Lorsque vous déplacez un spectacle de Londres à New York, est-ce qu'il est modifié du tout?

Il y a certainement des changements qui se produisent. J'essaie de me débarrasser de tout ce qui serait aliénant, ou de perdre tout ce qui n'est pas drôle. Parce que c'est un transfert, je ne vais pas mettre la pièce à New York - ce serait malhonnête - mais s'il s'agissait d'une nouvelle œuvre pour le public américain, ce serait différent. Voilà donc une photo de Londres, mais une photo qui s'est internationalisée. Après tout, c'était déjà une pièce espagnole.

Brendan Cowell et Billie Piper dans Yerma au manège Park Avenue.
Stéphanie Berger

Dans Yerma, vous avez obtenu un casting exceptionnel grâce à une très bonne Billie Piper, qui a remporté un Olivier Award et un Evening Standard Award pour avoir joué le rôle à Londres. L'avez-vous lancée en sachant qu'elle serait un tel succès?

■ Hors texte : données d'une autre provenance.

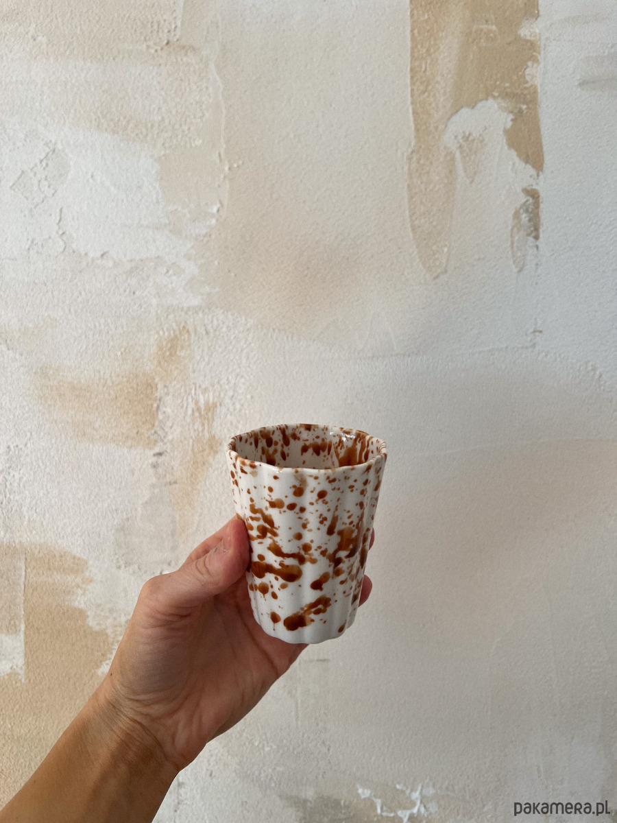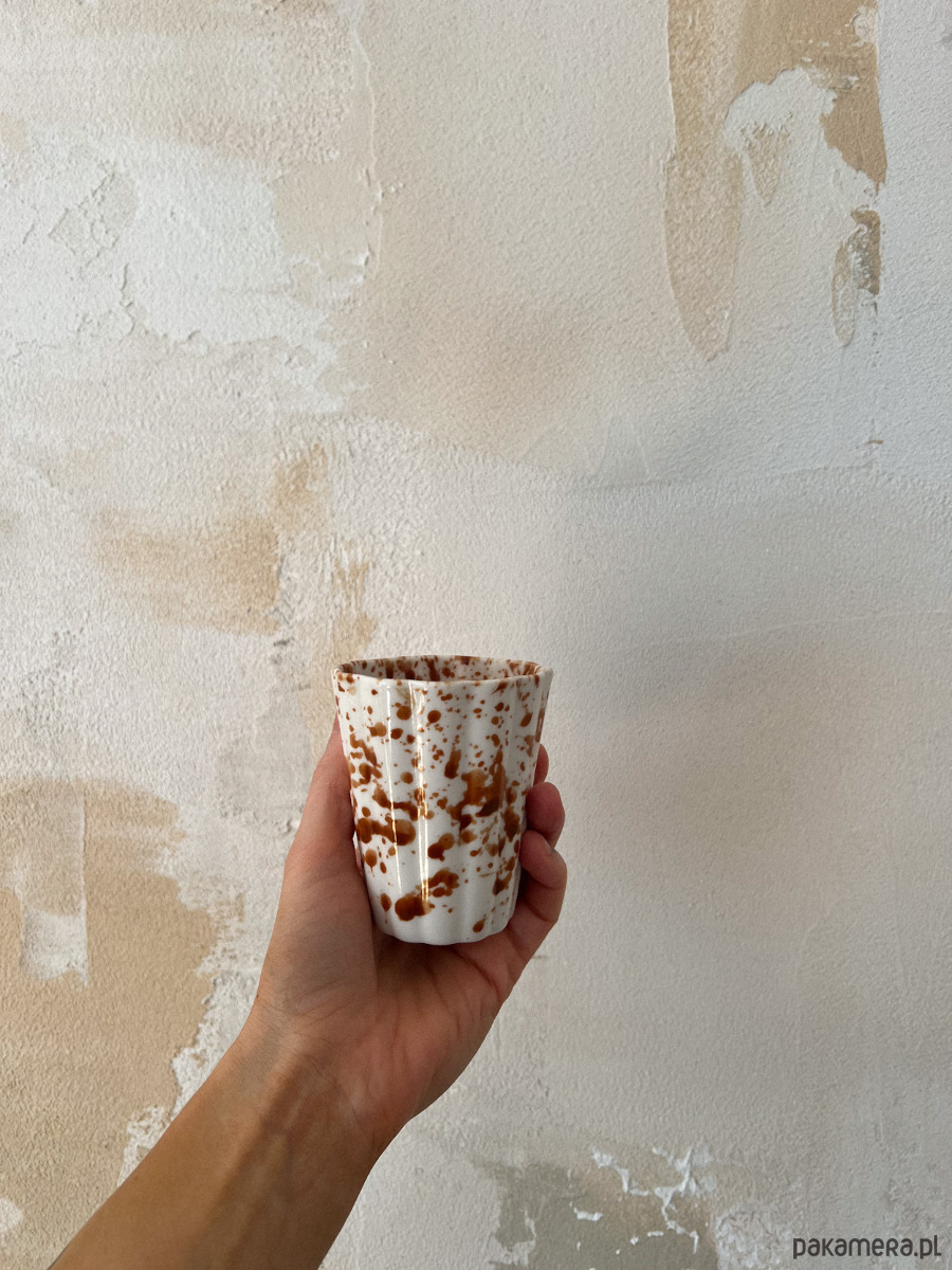 Porcelanowy kubek nakrapiany czekoladowymi o pojemności 180 ml.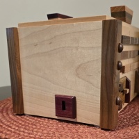 A big, beautiful SD puzzle box. Crafted with maple, walnut, cherry, oak, purpleheart, alder, poplar and padauk.

Je n'écris pas avant de commencer la répétition. Donc, je saurai approximativement ce qu'est l'intrigue et j'ai jeté un groupe de personnes. Pour Yerma, Je savais que j'avais besoin de quatre femmes et de deux hommes et même si c'était complètement différent de la pièce originale, qui comptait environ 30 personnages. Alors, quand j'ai décidé de ce nombre de personnes, j'ai choisi un groupe de personnes que je pensais pouvoir raconter cette histoire et quand ce groupe se réunira, je commence à écrire pour elles. Billie n'est pas venue à un rôle qui avait été écrit, elle s'est vu attribuer un rôle puis je l'ai écrit pour sa scène par scène. Ses réactions ont également contribué à façonner le personnage que je créais, ce qui est un merveilleux privilège. Son charisme me nourrissait d'inspiration en termes d'âme du personnage.

Ce n'était pas seulement Billie qui gagnait des prix. Le spectacle lui-même en a ramassé beaucoup. Envisagez-vous une réception similaire à New York?

Je ne sais pas! J'ai certainement l'impression que c'est toujours un spectacle choquant et drôle. Cela commence drôle et devient assez choquant, et le mouvement du rire au silence dans le public est similaire. C'est la seule chose à laquelle je peux répondre à part les gens qui viennent vers moi pour dire que c'est terrible. Et personne ne l'a encore fait, mais peut-être qu'ils ne savent pas que c'est moi qui l'ai fait.